(Problem to solve):
Copy out the data below from the line containing "PPeticoco – Peluche" to the line containing "ルークス 660cc 660 X 全周囲カメラ 純正前後ドラレコ 純正9イ", both lines included, with all images left out.

Records shown START

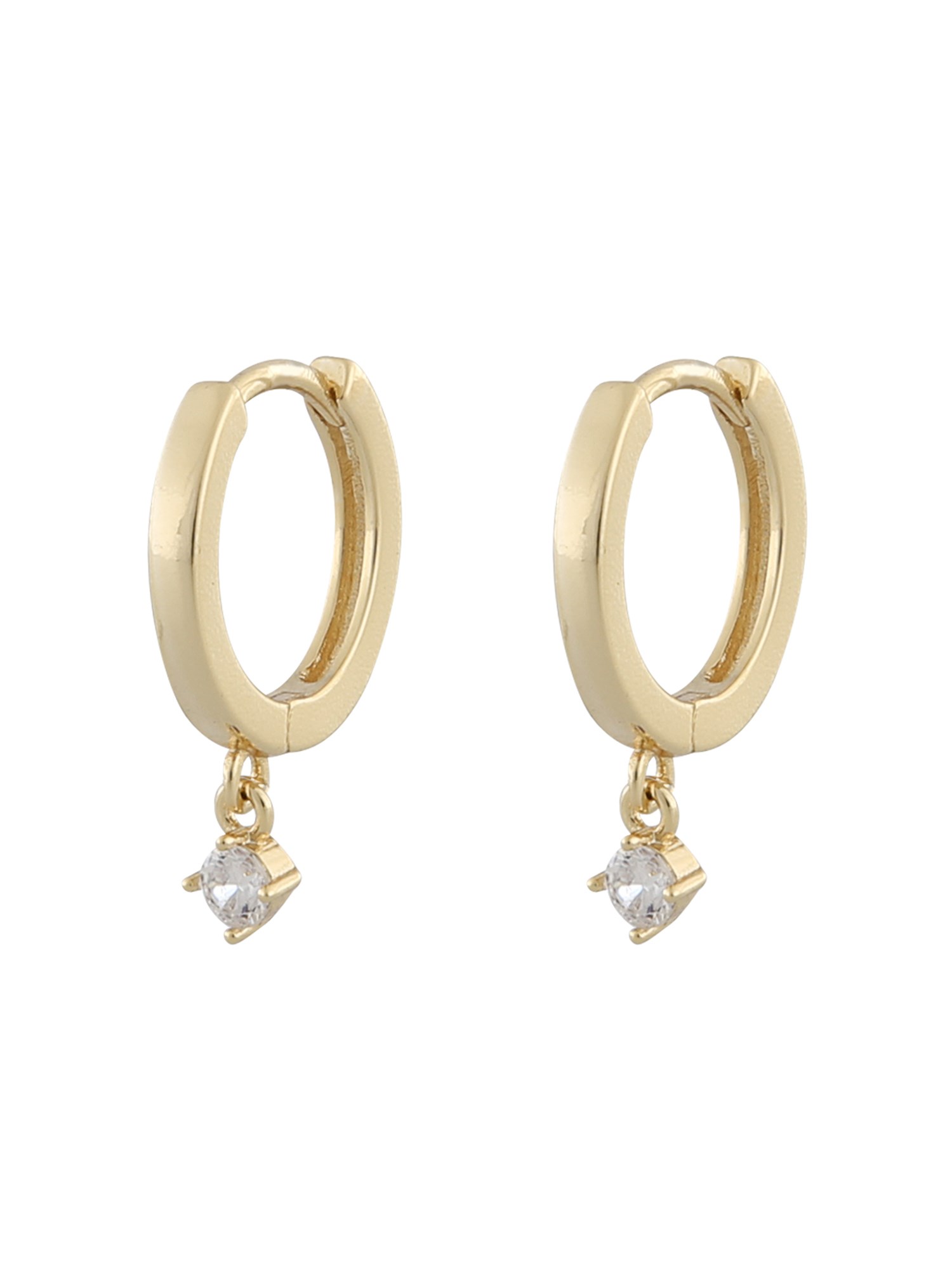 Liten ørering med krystallklar sten i anheng. Str 14,5 mm.
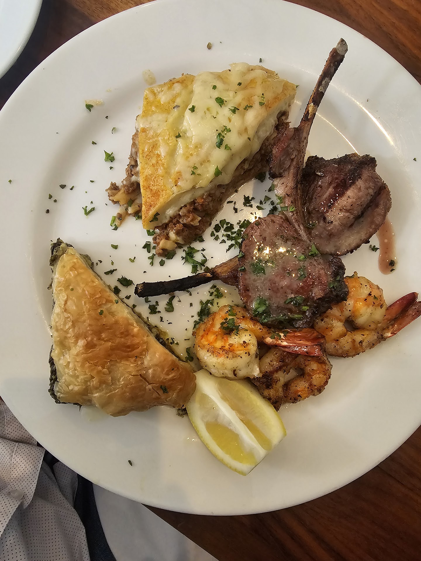 I ordered the Lamb Chops medium rare, with the Greek potatoes. It is puzzling, because the 4 small chops were cooked to a variety of doneness, from well-done to rare - I didn't complain, because all of the meat was well marinated and tender - delicious.
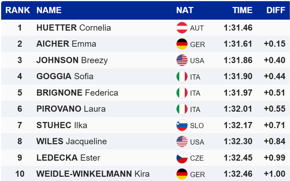 Хюттер на 0,15 секунды опередила талантливую немку Эмму Айхер, которая впервые в карьере поднялась на подиум на Кубке мира. Топ-3 замкнула свежеиспеченная чемпионка мира в скоростном спуске, американка Бризи Джонсон.
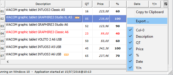 Grid content can now be copied to the clipboard and exported in Microsoft Excel XLS and XLSX formats. Those features can be added automatically or controlled by code.
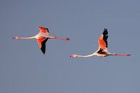 Roze flamingo's (Phoenicopterus roseus) tijdens de vlucht boven een lagune in de Camargue, Frankrijk.
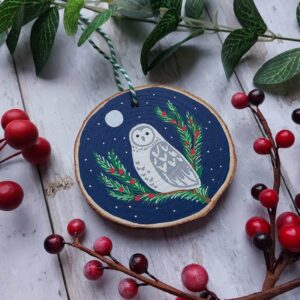 Small Bear Wood Slice Decoration – Leafy Wreath
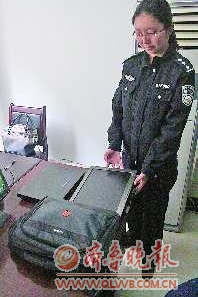 老赵说:“电脑包是朋友送的,市面上很少见。尤其是商标和拉链的颜色很特别。”
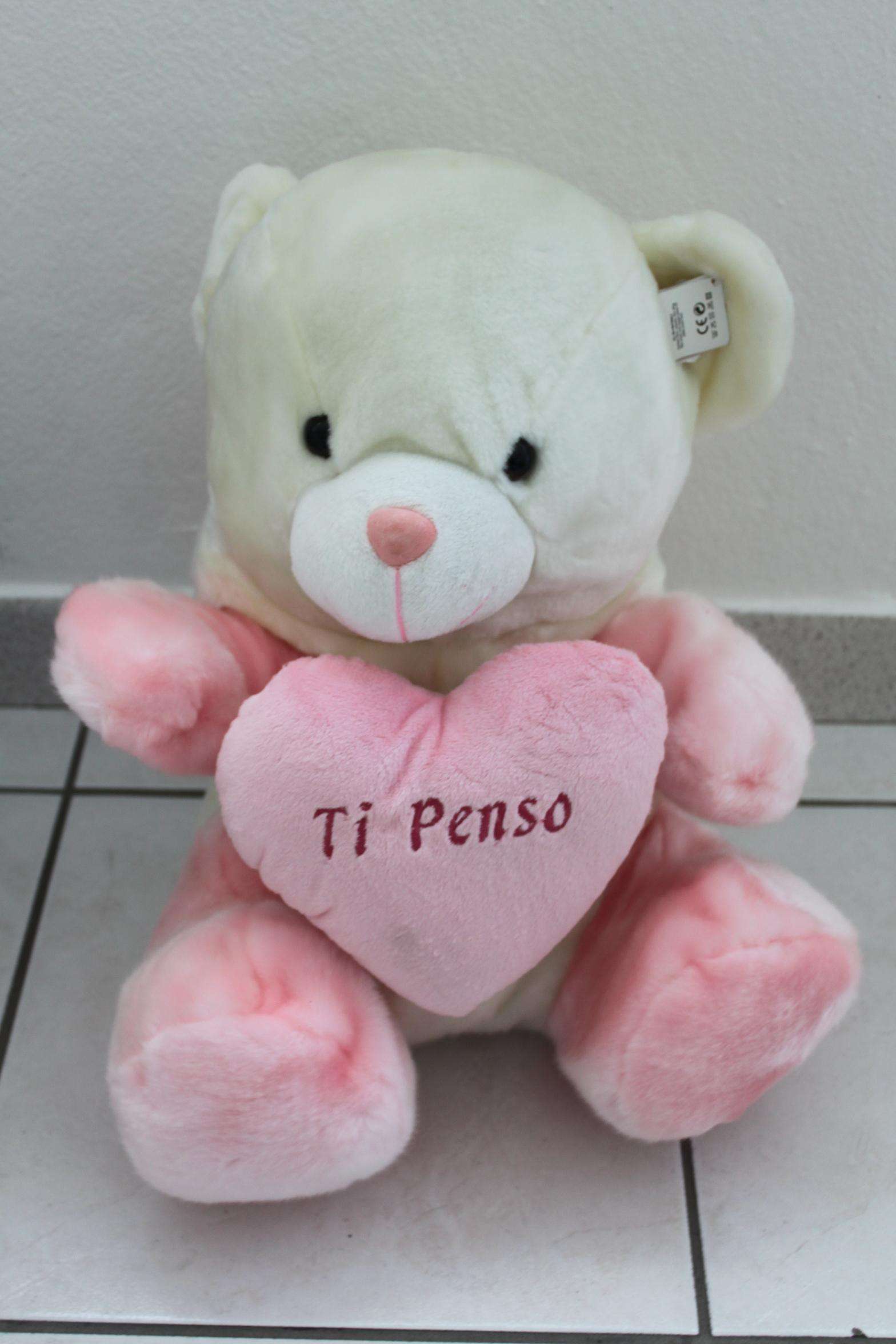 PPeticoco – Peluche Orso bianco con cappuccio bianco rosa e cuore 40cmIl peluche perfetto da regalare al proprio partner
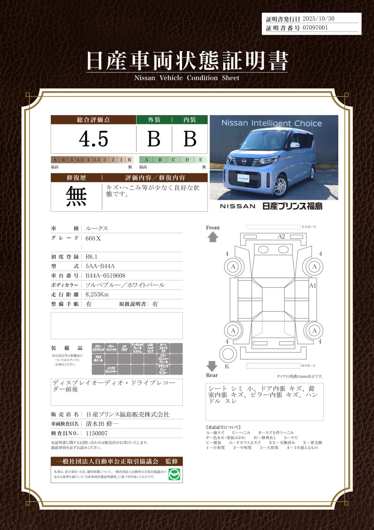 ルークス 660cc 660 X 全周囲カメラ 純正前後ドラレコ 純正9イ
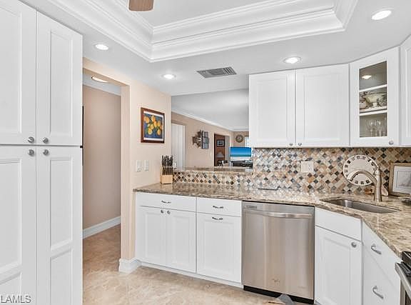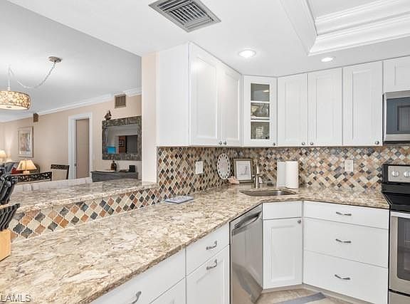 Park Shore awaits you, enjoy the private Beach Access, large community pool and 1st floor convenience. No steps! Updated and tastefully furnished. Large living room and dining area provide ample living space for entertaining. The kitchen has been remodeled with granite and stainless appliances. There is a eat at bar area as well as "coffee bar". A glassed in den with sliding doors serves as a den/office or just a wonderful relaxing reading space. Main bedroom is ensuite with bath and large windows and large closet. Top of the line furniture throughout the condo. Guest bedroom offers twin beds, another large closet and adjacent to guest bath and laundry room. Walk out the front door to the community pool, walk or ride your bike to stores, restaurants, drug stores and the Beach. Covered parking. Easy to show.
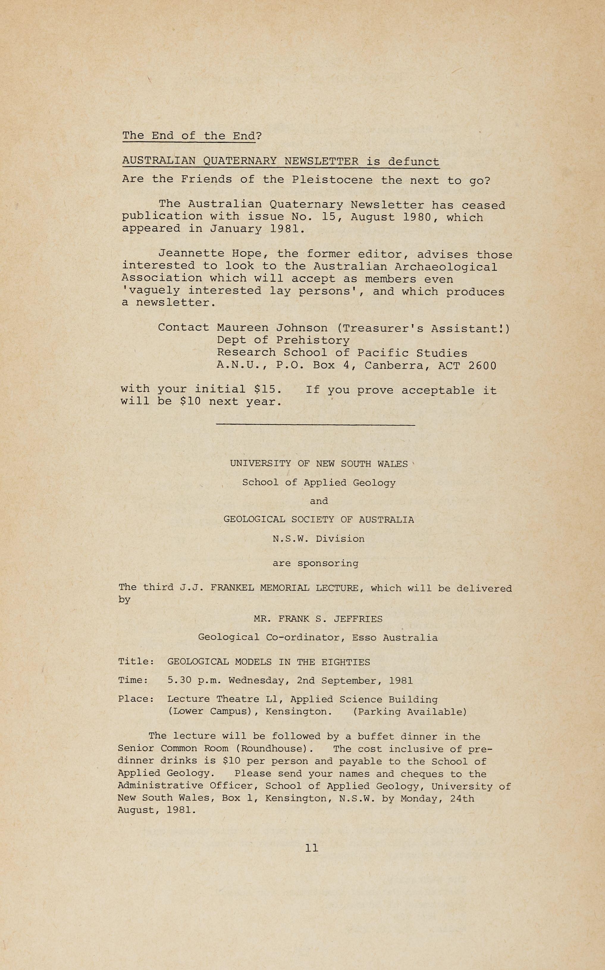 The Australian Quaternary Newsletter has ceased publication with issue No. 15, August 1980 , which appeared in January 1981.

Records shown END

(Answer to the exercise):
 PPeticoco – Peluche Orso bianco con cappuccio bianco rosa e cuore 40cmIl peluche perfetto da regalare al proprio partner
 ルークス 660cc 660 X 全周囲カメラ 純正前後ドラレコ 純正9イ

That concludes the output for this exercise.